At the lower end of the income scale -- those in households earning less than $40,000 a year -- 54% said they weren't feeling financially secure.

When broken down by race, worries were greatest among blacks, more than two-thirds of whom rated their finances as "fairly shaky" or "very shaky."

Anxiety might be widespread, but it is by no means universal. Even as economists' predictions about the housing market have darkened over the last five months, people's expectations have brightened.

In December's Times/Bloomberg poll, 26% predicted the value of houses in their neighborhoods would go up over the next six months. In January, 27% did.

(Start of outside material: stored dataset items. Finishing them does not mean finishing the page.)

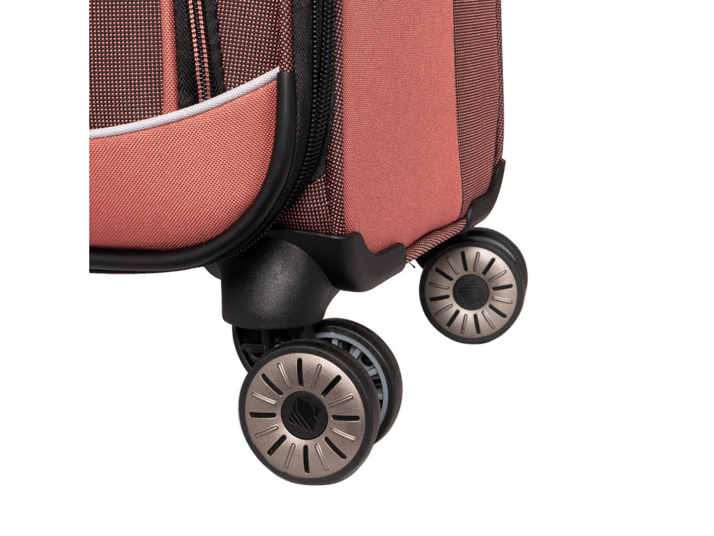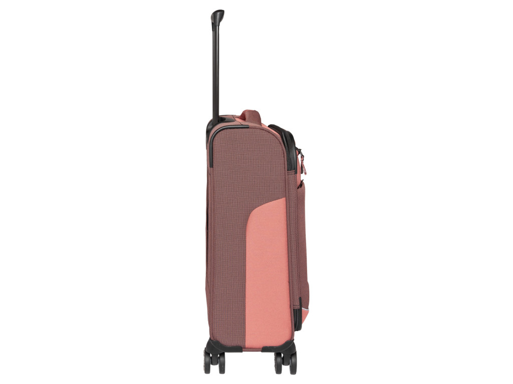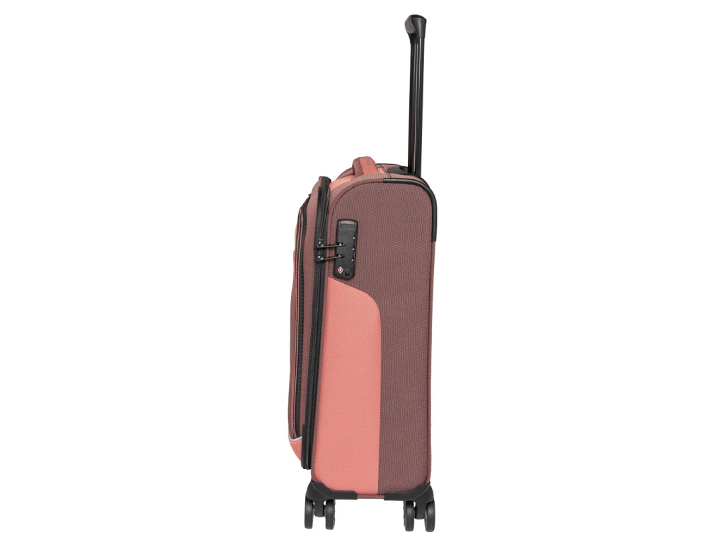 Textilný kufor na čtyroch kolieskach s integrovaným TSA zámkom a expandérom, vyrobený z recyklovaného polyesteru.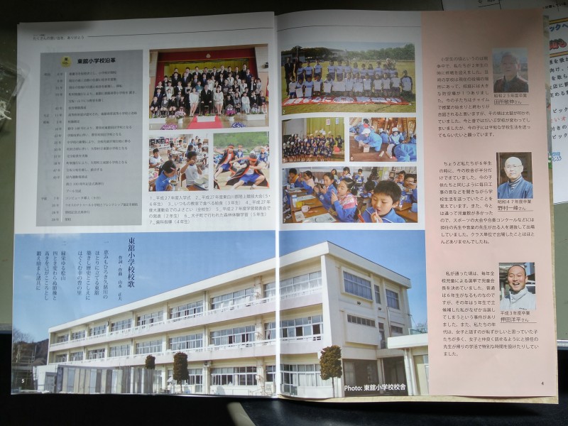 週末届いた町の情報誌「広報やまつり 3月号」で、店主や娘がお世話になった東舘小学校の特集ページが掲載されていました。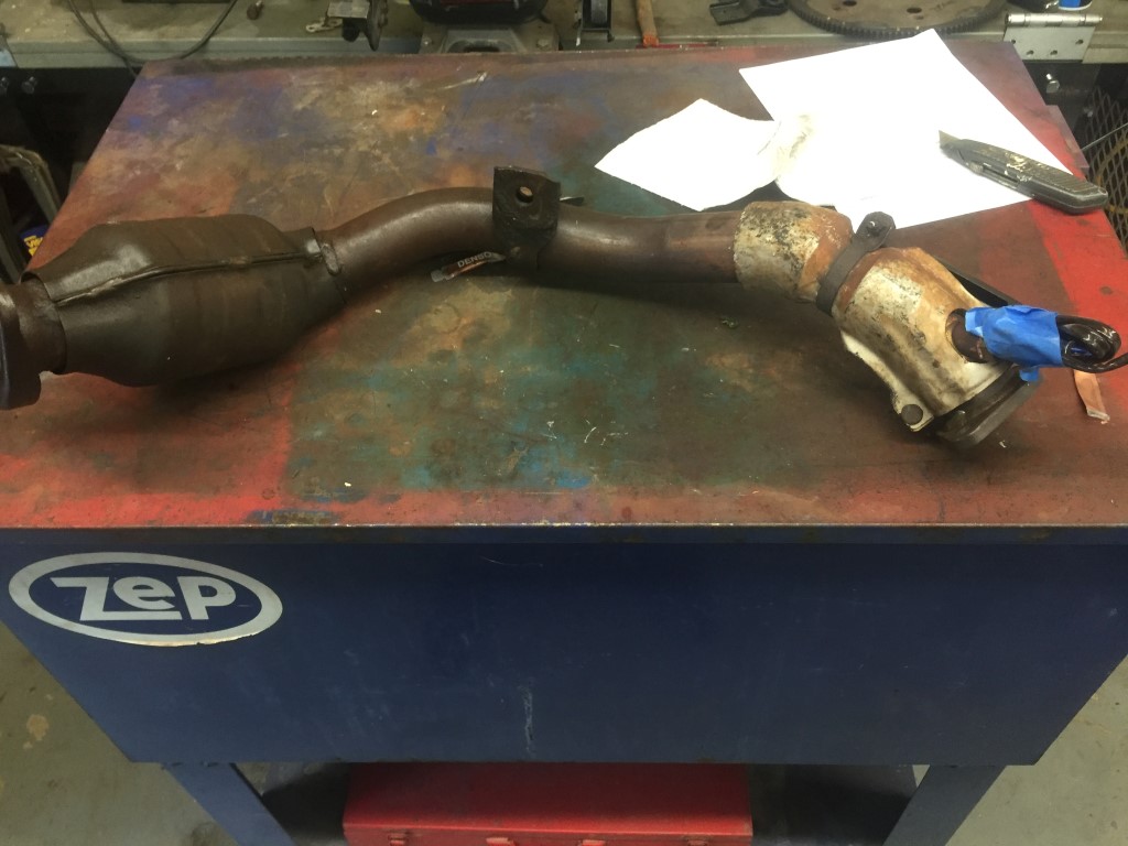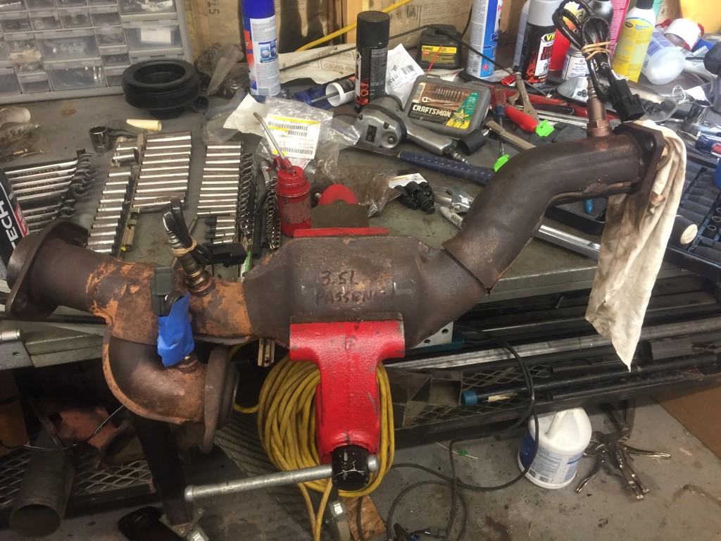 The drivers catalytic converter had a broken off bolt from removal. I soaked it repeatedly with PB Blaster and then welding a nut to it to back it off with a wrench. This did nothing but shear off the weld. Tried this 3 times.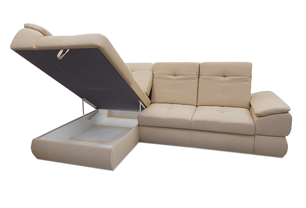 В угловой части конструкции расположена глубокая ниша, в которую можно убрать постельные принадлежности или другие необходимые вещи, что помогает поддерживать порядок в комнате. Модель выпускается в широком спектре расцветок и видов обивки, что позволяет подобрать вариант под любой интерьерный стиль.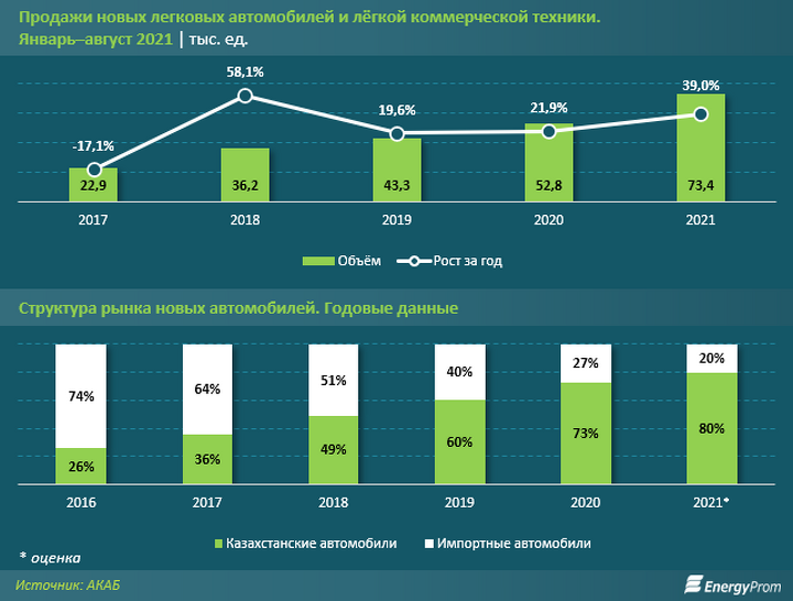 Большая часть продаж новой техники приходится на автомобили отечественного производства: так, по итогам 2020 года доля казахстанских автомашин в продажах составила 73%, против 27% импортных, а за 2021-й, по оценке Ассоциации автомобильного бизнеса Казахстана (АКАБ), доля отечественного автопрома составит 80%.

In the new poll, which was conducted April 5 through Monday and has a margin of sampling error of plus or minus 3 percentage points, 32% expect an increase.

Stan Smith, a retired minister in Eagle Rock, believes that borrowers have become overextended. He thinks the housing market will collapse. Eventually.

"The values are so inflated. It's ridiculous," said Smith, a renter. "But people are willing to pay the prices to live in certain areas. They want what they want, and they want it now."

Housing experts were a little puzzled by the enthusiastic attitude of some respondents.

"Mortgage credit is clearly tightening, affordability is not good and there are a record number of unoccupied homes for sale," said Scott Simon, a mortgage-bond fund manager for Pacific Investment Management Co. in Newport Beach. "We think prices should be down a few percent this year and, if we are wrong, it will be worse than that."

The poll respondents narrowly favored government aid for low-income buyers facing foreclosure, 50% to 41%. Black respondents were strongly in favor, 85% to 12%. The rising tide of foreclosure is expected to hit African Americans especially hard, and civil rights leaders have urged government intervention.

David Poulnot, an insurance agent in Charleston, S.C., is not an advocate of aid. Many people may be just one misfortune from disaster, he said, but what they really need is more discipline.